● EXERCISE DESCRIPTION
In the records below, the relevant part opens with the line containing "Diversion weir with" and closes with the line containing "A scene from Grave of the Fireflies"; print that part exactly and only, without its pictures.

● DATA EXTRACT

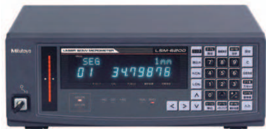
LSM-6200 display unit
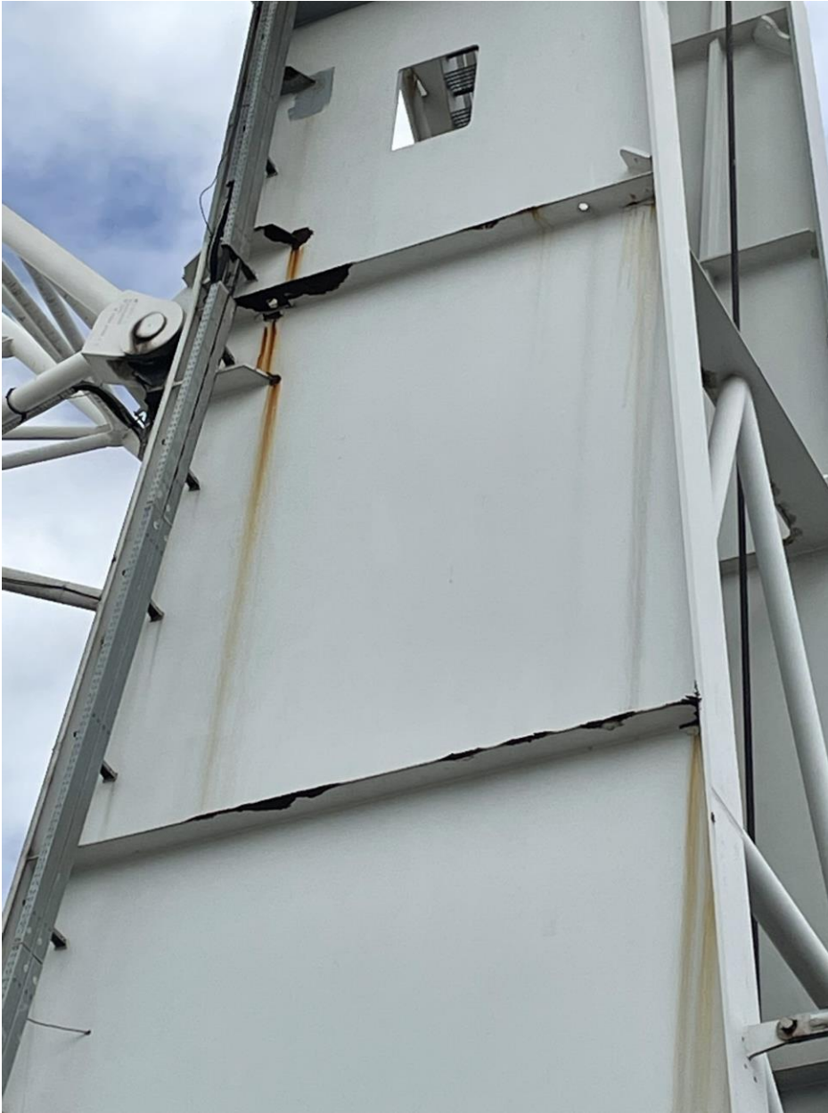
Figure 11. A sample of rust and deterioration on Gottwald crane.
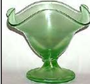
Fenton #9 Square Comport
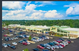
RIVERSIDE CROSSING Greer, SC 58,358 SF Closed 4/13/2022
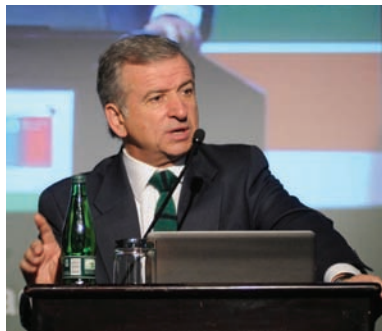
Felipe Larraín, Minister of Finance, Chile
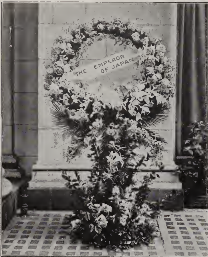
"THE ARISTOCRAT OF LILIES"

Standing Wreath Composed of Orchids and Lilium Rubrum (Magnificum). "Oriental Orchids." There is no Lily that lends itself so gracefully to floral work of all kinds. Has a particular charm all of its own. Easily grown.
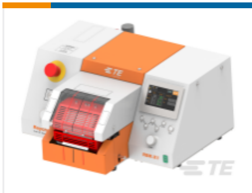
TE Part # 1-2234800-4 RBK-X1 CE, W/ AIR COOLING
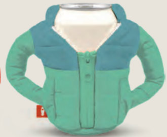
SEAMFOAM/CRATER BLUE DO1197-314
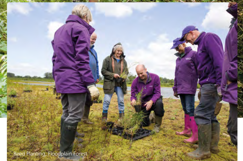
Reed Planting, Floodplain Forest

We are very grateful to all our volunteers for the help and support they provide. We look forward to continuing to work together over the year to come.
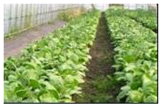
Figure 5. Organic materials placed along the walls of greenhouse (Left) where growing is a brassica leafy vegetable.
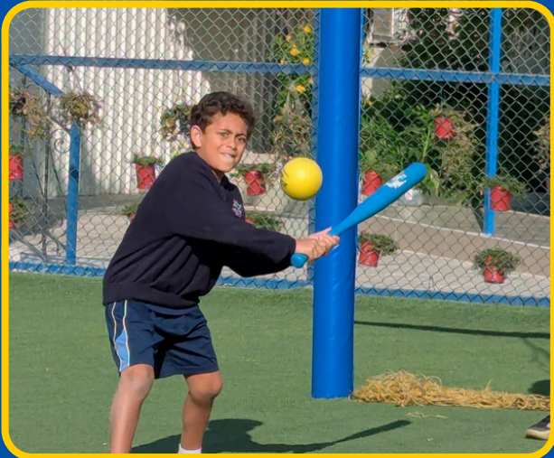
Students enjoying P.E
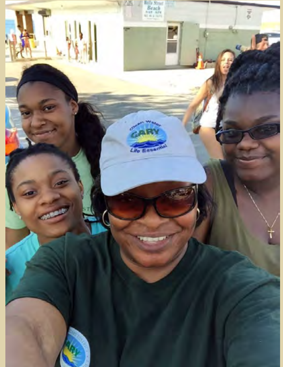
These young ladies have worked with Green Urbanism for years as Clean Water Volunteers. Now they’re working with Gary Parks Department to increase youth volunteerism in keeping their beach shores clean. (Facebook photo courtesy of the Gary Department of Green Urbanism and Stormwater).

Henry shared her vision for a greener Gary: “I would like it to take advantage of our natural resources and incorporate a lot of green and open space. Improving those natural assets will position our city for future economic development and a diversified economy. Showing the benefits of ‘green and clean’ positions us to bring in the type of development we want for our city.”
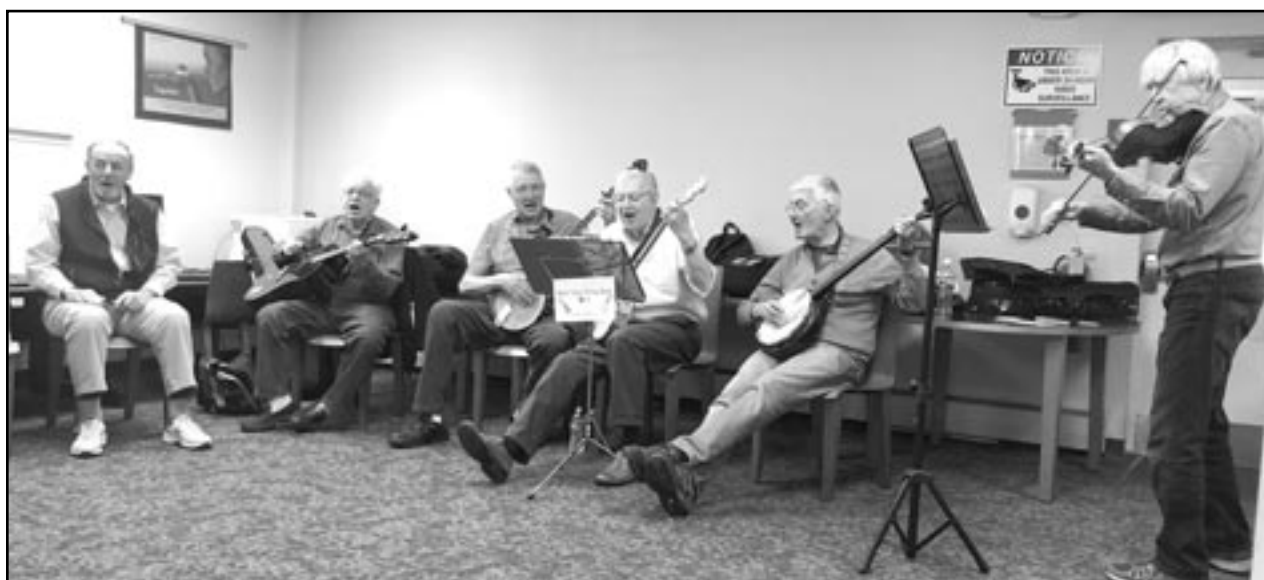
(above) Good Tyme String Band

...

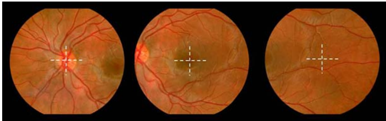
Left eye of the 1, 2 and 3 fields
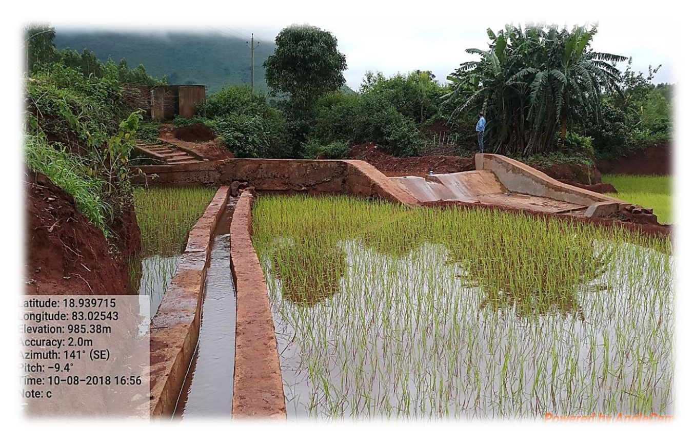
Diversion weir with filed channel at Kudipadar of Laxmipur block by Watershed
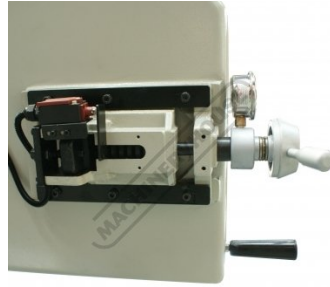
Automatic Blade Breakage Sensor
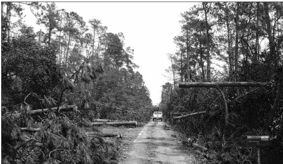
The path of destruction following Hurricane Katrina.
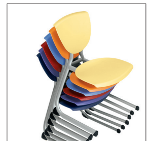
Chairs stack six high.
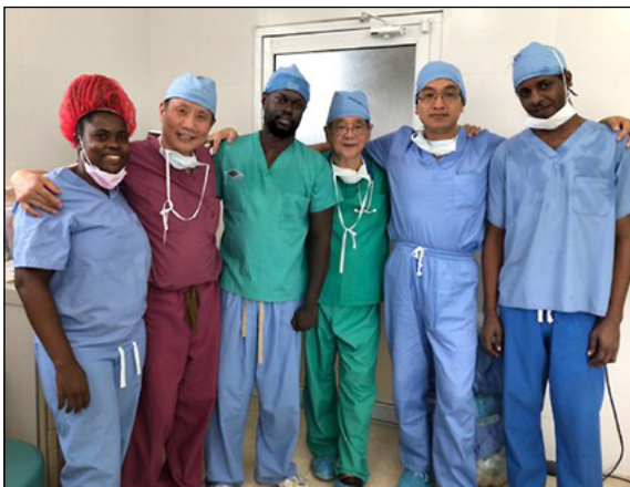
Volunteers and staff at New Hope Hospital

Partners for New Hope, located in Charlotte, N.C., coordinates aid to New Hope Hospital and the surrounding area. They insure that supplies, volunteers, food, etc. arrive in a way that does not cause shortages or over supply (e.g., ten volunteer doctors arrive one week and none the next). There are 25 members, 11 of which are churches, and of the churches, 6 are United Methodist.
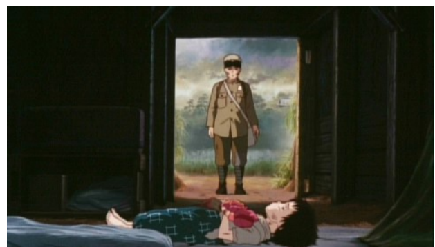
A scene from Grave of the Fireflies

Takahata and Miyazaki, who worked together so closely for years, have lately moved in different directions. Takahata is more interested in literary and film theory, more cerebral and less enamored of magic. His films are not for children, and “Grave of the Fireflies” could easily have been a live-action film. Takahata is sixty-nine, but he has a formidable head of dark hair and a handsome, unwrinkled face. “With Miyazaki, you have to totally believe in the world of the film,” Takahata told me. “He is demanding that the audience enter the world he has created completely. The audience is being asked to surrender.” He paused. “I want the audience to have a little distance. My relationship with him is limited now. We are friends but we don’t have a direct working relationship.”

● OUTPUT BELOW
Diversion weir with filed channel at Kudipadar of Laxmipur block by Watershed
Automatic Blade Breakage Sensor
The path of destruction following Hurricane Katrina.
Chairs stack six high.
Volunteers and staff at New Hope Hospital

Partners for New Hope, located in Charlotte, N.C., coordinates aid to New Hope Hospital and the surrounding area. They insure that supplies, volunteers, food, etc. arrive in a way that does not cause shortages or over supply (e.g., ten volunteer doctors arrive one week and none the next). There are 25 members, 11 of which are churches, and of the churches, 6 are United Methodist.
A scene from Grave of the Fireflies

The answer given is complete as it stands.